Waste rock is non-ore bearing rock removed from underground during construction of the main decline, shafts, and tunnels, which provide access for miners to ore-rich areas. Waste rock is hoisted up a shaft to the surface, mixed with dried tailings sand, limestone, fly-ash (a waste product from a coal fired power station at Port Augusta), cement and water to form a material very similar to wet concrete. This mixture is poured from the surface through boreholes into empty underground stopes, and the mined out stopes are filled up.

Not only does this make good use of a variety of waste materials (tailings, waste rock and fly ash), it increases the stability of the underground mine by filling the large empty holes created during mining of the stopes. It also prevents build up of radioactive radon gas in the empty stopes. This is important for the safety of mine employees.

Recycling and reuse

In order to reduce the amount of waste produced, Olympic Dam recycles and reuses as much material as possible. Here are some examples of what is recycled or reused, and how;

  • Oil - used oil from machinery is collected, and after treatment is reused as fuel in furnaces in the processing plant.

Worker stripping insulation

This worker is stripping the plastic insulation from unwanted copper wire. The copper in the wire is then recovered.

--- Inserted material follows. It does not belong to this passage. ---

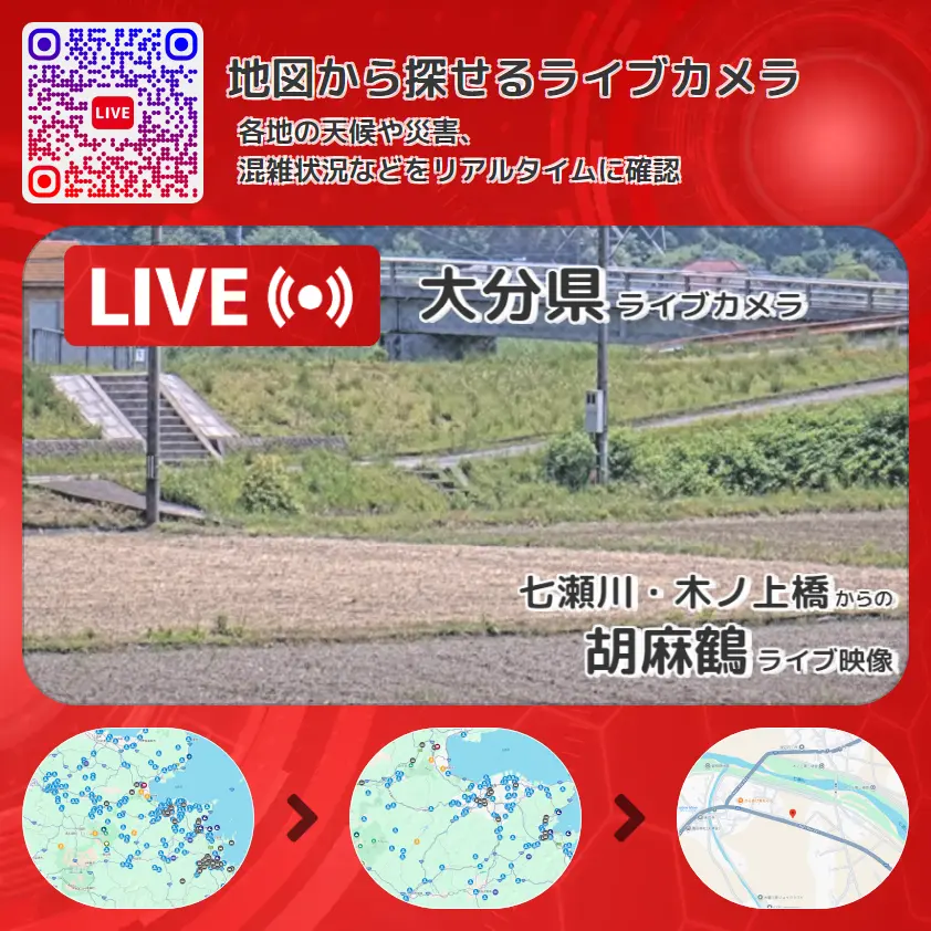 大分県 「胡麻鶴」ライブ映像(七瀬川・木ノ上橋 設置カメラ) ライブカメラ 監視カメラ

  • Paper - paper is shredded and mixed with water to make hydromulch. This is sprayed onto bare disturbed ground at the mine and in Roxby Downs to reduce dust and drifting sand. It holds seeds in place, and following rain plants germinate and bare areas are gradually rehabilitated.
  • Timber - waste timber from buildings or other uses is collected, chipped and used as mulch on gardens to reduce evaporation of water. It is also spread on bare ground to reduce dust.

Waste timber

Waste timber from the mine site is collected and stockpiled for later chipping.

  • Containers - where possible these are saved and reused.
  • 44 gallon drums - these used to be buried after use, but now they are cleaned and reused.

44 gallon drums

A collection of 44 gallon drums which have been cleaned ready for reusing.

  • Tyres from mine vehicles and underground mining machinery - some of these are sold to a company that turns them into rubber linings for vehicles (eg. floor mats, rubber liners for the back of utes, etc). They are also used around the mine site as vehicle barriers and retaining walls.